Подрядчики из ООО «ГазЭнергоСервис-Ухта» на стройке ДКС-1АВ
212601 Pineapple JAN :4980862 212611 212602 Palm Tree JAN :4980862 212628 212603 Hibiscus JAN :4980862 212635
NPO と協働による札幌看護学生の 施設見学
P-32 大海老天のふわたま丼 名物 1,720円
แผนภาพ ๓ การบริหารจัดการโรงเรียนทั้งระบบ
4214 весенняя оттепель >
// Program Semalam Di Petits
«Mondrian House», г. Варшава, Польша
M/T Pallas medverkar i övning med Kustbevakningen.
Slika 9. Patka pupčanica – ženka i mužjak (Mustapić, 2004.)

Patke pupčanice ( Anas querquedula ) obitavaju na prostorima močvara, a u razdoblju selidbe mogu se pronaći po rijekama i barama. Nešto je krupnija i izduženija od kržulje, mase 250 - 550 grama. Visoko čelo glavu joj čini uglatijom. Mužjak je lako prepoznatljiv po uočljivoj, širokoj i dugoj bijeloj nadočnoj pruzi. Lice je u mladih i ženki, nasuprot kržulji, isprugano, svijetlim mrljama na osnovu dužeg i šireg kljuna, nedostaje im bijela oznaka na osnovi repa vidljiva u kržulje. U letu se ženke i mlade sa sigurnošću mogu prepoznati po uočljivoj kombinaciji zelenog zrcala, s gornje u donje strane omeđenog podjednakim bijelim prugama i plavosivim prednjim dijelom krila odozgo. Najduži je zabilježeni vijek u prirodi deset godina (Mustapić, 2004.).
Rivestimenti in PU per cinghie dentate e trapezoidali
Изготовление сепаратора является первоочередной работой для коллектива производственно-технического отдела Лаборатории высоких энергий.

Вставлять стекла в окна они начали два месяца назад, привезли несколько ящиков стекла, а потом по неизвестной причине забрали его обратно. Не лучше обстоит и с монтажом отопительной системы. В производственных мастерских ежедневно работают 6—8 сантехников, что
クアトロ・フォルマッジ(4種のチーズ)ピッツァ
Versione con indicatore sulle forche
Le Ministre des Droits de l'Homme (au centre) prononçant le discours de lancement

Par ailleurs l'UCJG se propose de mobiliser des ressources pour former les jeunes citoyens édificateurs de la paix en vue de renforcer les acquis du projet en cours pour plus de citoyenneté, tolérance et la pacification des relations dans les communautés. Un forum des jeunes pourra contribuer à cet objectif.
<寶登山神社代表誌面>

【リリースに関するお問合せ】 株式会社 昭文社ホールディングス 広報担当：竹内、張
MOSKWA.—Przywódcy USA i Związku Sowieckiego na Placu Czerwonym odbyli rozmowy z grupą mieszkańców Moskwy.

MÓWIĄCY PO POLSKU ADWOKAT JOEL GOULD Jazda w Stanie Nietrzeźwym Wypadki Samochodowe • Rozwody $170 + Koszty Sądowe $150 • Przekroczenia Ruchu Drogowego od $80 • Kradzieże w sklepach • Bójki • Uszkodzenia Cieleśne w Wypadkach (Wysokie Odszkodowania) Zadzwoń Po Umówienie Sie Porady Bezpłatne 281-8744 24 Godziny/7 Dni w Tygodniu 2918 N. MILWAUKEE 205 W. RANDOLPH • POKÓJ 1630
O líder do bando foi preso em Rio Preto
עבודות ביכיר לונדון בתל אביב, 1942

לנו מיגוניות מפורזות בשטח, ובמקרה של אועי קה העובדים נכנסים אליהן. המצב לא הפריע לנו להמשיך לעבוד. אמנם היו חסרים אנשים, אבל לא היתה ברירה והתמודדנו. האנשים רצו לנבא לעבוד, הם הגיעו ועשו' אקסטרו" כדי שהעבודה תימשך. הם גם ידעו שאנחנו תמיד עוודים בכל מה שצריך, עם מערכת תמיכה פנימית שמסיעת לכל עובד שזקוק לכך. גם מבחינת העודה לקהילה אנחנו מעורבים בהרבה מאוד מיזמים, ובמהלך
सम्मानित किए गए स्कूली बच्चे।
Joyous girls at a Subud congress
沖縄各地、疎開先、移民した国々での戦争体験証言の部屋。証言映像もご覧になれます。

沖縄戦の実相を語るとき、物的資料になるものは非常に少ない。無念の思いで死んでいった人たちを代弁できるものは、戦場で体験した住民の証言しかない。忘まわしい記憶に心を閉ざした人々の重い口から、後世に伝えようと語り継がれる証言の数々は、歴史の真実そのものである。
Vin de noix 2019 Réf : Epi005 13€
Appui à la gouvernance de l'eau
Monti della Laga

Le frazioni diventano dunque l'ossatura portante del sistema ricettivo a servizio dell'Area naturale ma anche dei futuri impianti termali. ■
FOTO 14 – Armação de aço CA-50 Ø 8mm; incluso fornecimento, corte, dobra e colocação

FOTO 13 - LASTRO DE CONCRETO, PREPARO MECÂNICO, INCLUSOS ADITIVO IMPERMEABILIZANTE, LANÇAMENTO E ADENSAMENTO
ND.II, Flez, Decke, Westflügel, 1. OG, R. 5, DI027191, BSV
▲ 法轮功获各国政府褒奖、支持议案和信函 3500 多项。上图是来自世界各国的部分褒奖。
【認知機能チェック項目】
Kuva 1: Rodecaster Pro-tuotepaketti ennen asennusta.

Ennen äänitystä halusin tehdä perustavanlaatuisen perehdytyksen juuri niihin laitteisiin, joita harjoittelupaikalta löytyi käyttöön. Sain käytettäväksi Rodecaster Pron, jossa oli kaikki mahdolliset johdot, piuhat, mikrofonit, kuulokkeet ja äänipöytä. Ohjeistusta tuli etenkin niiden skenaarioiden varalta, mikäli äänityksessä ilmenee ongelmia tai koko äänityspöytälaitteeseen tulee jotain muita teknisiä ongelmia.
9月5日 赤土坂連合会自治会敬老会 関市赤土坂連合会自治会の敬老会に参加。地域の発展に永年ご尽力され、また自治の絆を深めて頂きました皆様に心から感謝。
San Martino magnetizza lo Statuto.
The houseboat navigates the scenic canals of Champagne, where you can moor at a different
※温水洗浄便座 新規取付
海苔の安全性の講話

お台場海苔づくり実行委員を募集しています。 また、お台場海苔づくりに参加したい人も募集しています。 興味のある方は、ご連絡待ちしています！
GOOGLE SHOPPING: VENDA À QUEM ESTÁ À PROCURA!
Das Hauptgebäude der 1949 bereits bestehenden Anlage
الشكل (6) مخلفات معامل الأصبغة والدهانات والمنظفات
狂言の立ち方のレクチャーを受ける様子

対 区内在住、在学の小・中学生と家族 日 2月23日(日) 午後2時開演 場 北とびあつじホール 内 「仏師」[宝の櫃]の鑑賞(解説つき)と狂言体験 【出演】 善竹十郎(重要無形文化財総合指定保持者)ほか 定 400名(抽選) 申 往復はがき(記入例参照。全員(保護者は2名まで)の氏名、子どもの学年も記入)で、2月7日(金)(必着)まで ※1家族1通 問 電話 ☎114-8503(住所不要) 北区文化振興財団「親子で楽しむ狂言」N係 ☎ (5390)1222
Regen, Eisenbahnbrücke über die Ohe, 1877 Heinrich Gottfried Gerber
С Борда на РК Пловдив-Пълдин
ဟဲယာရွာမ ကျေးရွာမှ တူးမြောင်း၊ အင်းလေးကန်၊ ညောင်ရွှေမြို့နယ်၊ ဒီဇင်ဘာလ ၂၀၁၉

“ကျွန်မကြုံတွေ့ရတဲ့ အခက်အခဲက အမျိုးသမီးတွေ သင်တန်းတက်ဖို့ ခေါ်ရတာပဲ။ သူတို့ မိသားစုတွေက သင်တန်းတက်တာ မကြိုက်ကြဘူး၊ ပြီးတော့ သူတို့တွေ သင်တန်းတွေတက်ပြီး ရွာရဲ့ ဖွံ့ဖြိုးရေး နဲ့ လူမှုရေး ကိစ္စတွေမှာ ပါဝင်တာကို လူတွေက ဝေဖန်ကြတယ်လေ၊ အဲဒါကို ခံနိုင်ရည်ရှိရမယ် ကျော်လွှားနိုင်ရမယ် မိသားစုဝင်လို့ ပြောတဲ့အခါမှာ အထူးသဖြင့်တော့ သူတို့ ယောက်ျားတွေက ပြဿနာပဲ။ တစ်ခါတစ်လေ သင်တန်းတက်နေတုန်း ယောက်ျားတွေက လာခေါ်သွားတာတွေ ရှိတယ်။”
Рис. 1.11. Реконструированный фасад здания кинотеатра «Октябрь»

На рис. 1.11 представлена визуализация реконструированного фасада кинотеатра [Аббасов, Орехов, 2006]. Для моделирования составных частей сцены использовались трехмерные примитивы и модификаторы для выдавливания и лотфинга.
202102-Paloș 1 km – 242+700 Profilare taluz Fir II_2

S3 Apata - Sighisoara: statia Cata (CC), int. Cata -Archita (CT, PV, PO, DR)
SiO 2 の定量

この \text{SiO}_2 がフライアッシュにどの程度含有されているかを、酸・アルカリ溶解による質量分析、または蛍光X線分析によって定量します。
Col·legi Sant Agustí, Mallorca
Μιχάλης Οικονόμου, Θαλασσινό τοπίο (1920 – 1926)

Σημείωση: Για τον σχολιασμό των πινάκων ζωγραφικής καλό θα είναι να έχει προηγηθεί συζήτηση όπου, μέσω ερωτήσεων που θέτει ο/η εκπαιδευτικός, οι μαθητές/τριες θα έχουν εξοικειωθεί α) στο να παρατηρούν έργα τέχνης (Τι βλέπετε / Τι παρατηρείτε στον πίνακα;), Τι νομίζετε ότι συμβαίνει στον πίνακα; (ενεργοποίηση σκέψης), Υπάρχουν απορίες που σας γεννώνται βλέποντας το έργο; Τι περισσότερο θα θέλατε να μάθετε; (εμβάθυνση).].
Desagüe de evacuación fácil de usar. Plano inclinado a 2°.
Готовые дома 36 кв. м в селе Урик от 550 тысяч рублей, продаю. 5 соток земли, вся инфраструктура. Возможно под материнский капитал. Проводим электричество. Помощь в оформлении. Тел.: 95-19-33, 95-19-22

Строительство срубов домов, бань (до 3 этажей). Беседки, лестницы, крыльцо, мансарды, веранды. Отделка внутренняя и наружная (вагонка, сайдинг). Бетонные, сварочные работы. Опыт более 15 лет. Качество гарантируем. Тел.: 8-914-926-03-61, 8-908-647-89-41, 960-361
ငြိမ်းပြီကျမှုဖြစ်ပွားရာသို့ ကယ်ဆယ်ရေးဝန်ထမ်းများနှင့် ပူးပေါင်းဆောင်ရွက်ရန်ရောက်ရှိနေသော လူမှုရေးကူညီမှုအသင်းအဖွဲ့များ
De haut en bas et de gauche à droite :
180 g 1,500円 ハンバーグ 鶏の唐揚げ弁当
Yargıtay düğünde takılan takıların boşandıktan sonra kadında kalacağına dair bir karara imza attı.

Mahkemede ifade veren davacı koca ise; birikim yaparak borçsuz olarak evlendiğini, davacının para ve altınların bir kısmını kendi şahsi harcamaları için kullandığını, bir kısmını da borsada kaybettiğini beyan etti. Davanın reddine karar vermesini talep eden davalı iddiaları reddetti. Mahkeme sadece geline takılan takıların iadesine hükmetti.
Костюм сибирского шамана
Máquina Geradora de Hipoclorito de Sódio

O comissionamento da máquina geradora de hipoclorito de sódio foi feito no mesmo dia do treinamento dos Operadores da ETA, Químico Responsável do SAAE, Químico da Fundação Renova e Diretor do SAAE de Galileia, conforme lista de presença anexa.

■ TASK BRIEF: Return, with no change at all, every line in the entries above from the line containing "г. Варшава, Польша" through the line containing "Le Ministre des".

■ ANSWER BOX:
«Mondrian House», г. Варшава, Польша
M/T Pallas medverkar i övning med Kustbevakningen.
Slika 9. Patka pupčanica – ženka i mužjak (Mustapić, 2004.)

Patke pupčanice ( Anas querquedula ) obitavaju na prostorima močvara, a u razdoblju selidbe mogu se pronaći po rijekama i barama. Nešto je krupnija i izduženija od kržulje, mase 250 - 550 grama. Visoko čelo glavu joj čini uglatijom. Mužjak je lako prepoznatljiv po uočljivoj, širokoj i dugoj bijeloj nadočnoj pruzi. Lice je u mladih i ženki, nasuprot kržulji, isprugano, svijetlim mrljama na osnovu dužeg i šireg kljuna, nedostaje im bijela oznaka na osnovi repa vidljiva u kržulje. U letu se ženke i mlade sa sigurnošću mogu prepoznati po uočljivoj kombinaciji zelenog zrcala, s gornje u donje strane omeđenog podjednakim bijelim prugama i plavosivim prednjim dijelom krila odozgo. Najduži je zabilježeni vijek u prirodi deset godina (Mustapić, 2004.).
Rivestimenti in PU per cinghie dentate e trapezoidali
Изготовление сепаратора является первоочередной работой для коллектива производственно-технического отдела Лаборатории высоких энергий.

Вставлять стекла в окна они начали два месяца назад, привезли несколько ящиков стекла, а потом по неизвестной причине забрали его обратно. Не лучше обстоит и с монтажом отопительной системы. В производственных мастерских ежедневно работают 6—8 сантехников, что
クアトロ・フォルマッジ(4種のチーズ)ピッツァ
Versione con indicatore sulle forche
Le Ministre des Droits de l'Homme (au centre) prononçant le discours de lancement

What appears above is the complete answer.